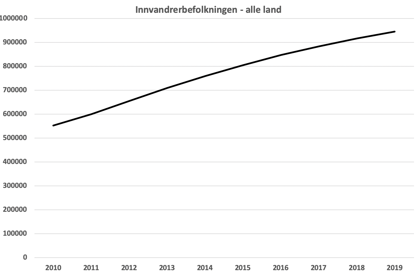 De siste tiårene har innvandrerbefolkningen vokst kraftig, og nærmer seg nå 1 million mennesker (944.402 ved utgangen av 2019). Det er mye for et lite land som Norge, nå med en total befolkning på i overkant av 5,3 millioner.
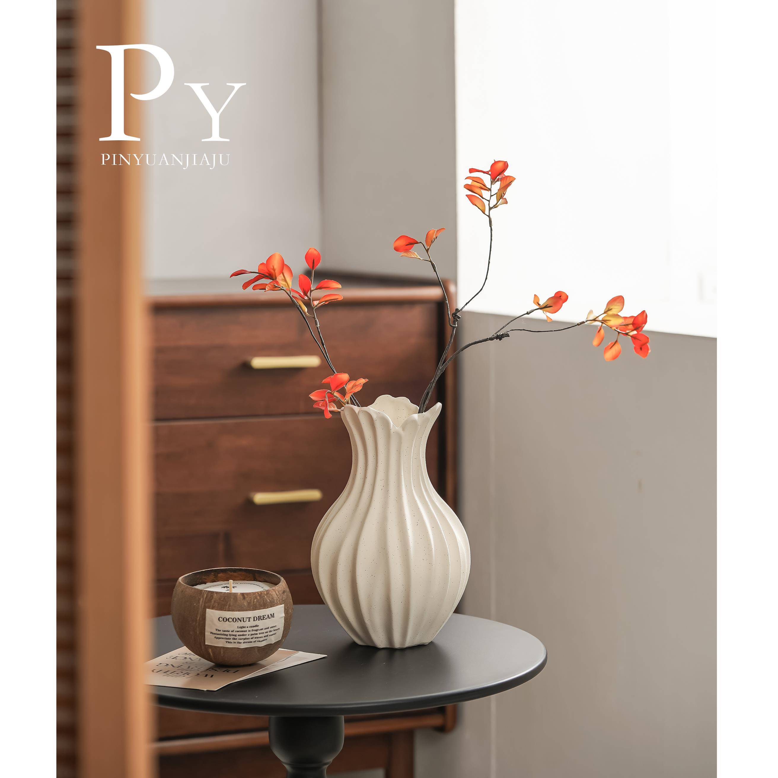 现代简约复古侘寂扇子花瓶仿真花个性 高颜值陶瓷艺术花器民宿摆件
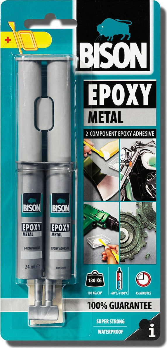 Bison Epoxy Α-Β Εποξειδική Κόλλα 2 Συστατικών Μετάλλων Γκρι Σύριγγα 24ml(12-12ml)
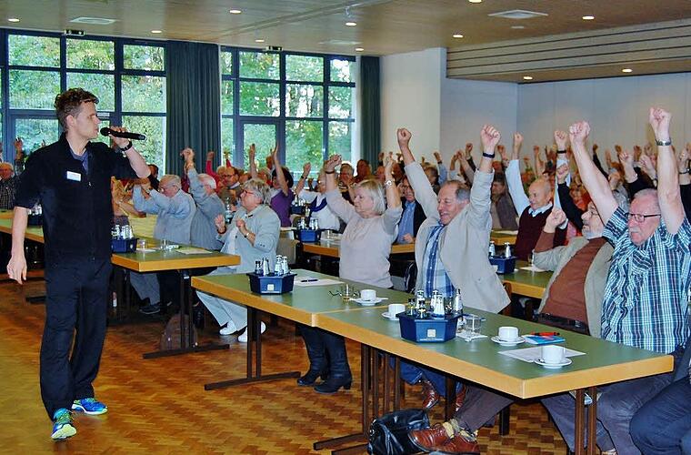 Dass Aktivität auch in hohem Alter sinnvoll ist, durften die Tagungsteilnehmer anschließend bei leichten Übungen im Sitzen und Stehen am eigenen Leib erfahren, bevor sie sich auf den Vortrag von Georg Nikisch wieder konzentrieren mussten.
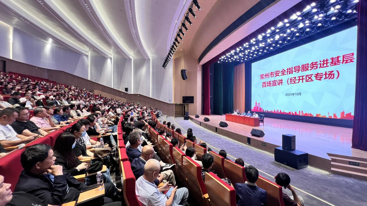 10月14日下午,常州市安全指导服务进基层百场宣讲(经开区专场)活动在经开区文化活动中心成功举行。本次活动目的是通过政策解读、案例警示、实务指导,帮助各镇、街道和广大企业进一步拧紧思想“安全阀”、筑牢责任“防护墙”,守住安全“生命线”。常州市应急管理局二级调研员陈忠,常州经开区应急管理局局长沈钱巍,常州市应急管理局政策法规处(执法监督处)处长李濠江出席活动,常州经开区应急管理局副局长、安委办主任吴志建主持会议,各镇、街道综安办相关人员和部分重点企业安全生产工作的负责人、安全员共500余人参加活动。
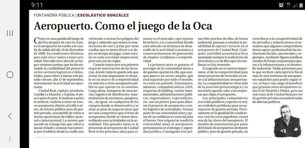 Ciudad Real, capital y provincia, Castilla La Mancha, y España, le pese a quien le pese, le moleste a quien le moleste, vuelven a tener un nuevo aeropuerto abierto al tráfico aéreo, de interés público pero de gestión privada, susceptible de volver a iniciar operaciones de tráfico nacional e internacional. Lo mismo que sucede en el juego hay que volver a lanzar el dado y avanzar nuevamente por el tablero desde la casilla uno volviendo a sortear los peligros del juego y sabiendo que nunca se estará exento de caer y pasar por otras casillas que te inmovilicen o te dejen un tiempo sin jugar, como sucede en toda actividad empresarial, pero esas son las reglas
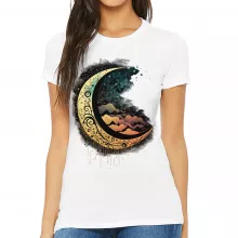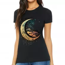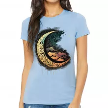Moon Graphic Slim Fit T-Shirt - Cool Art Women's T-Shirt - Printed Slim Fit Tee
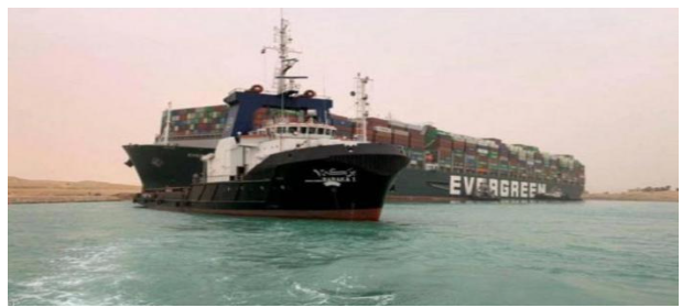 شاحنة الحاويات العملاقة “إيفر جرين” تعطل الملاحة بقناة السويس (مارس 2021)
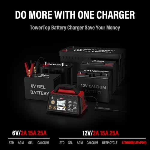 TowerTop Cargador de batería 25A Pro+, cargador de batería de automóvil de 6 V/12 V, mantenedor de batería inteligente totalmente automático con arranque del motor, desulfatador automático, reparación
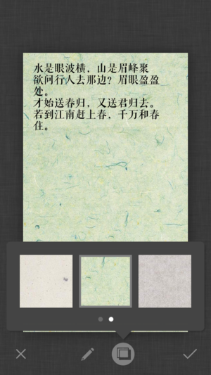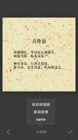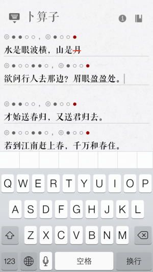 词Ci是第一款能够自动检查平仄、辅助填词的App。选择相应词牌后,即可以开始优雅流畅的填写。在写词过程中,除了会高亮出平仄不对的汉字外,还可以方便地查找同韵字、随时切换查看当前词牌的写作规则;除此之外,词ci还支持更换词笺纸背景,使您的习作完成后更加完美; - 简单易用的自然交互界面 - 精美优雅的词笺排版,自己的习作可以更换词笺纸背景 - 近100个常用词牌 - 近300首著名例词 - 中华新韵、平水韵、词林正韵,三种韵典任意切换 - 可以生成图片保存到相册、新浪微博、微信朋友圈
--
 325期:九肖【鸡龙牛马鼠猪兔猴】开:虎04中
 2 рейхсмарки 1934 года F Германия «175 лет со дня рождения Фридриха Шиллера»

◆ **Exercise requirements**: To complete this exercise, transcribe exactly the lines above from the one that holds "De siste tiårene" through the one that holds "TowerTop Cargador de". Pictures stay out.

◆ **Task answer**:
 De siste tiårene har innvandrerbefolkningen vokst kraftig, og nærmer seg nå 1 million mennesker (944.402 ved utgangen av 2019). Det er mye for et lite land som Norge, nå med en total befolkning på i overkant av 5,3 millioner.
 现代简约复古侘寂扇子花瓶仿真花个性 高颜值陶瓷艺术花器民宿摆件
 Bison Epoxy Α-Β Εποξειδική Κόλλα 2 Συστατικών Μετάλλων Γκρι Σύριγγα 24ml(12-12ml)
 Dass Aktivität auch in hohem Alter sinnvoll ist, durften die Tagungsteilnehmer anschließend bei leichten Übungen im Sitzen und Stehen am eigenen Leib erfahren, bevor sie sich auf den Vortrag von Georg Nikisch wieder konzentrieren mussten.
 10月14日下午,常州市安全指导服务进基层百场宣讲(经开区专场)活动在经开区文化活动中心成功举行。本次活动目的是通过政策解读、案例警示、实务指导,帮助各镇、街道和广大企业进一步拧紧思想“安全阀”、筑牢责任“防护墙”,守住安全“生命线”。常州市应急管理局二级调研员陈忠,常州经开区应急管理局局长沈钱巍,常州市应急管理局政策法规处(执法监督处)处长李濠江出席活动,常州经开区应急管理局副局长、安委办主任吴志建主持会议,各镇、街道综安办相关人员和部分重点企业安全生产工作的负责人、安全员共500余人参加活动。
 Ciudad Real, capital y provincia, Castilla La Mancha, y España, le pese a quien le pese, le moleste a quien le moleste, vuelven a tener un nuevo aeropuerto abierto al tráfico aéreo, de interés público pero de gestión privada, susceptible de volver a iniciar operaciones de tráfico nacional e internacional. Lo mismo que sucede en el juego hay que volver a lanzar el dado y avanzar nuevamente por el tablero desde la casilla uno volviendo a sortear los peligros del juego y sabiendo que nunca se estará exento de caer y pasar por otras casillas que te inmovilicen o te dejen un tiempo sin jugar, como sucede en toda actividad empresarial, pero esas son las reglas
Moon Graphic Slim Fit T-Shirt - Cool Art Women's T-Shirt - Printed Slim Fit Tee
 شاحنة الحاويات العملاقة “إيفر جرين” تعطل الملاحة بقناة السويس (مارس 2021)
 TowerTop Cargador de batería 25A Pro+, cargador de batería de automóvil de 6 V/12 V, mantenedor de batería inteligente totalmente automático con arranque del motor, desulfatador automático, reparación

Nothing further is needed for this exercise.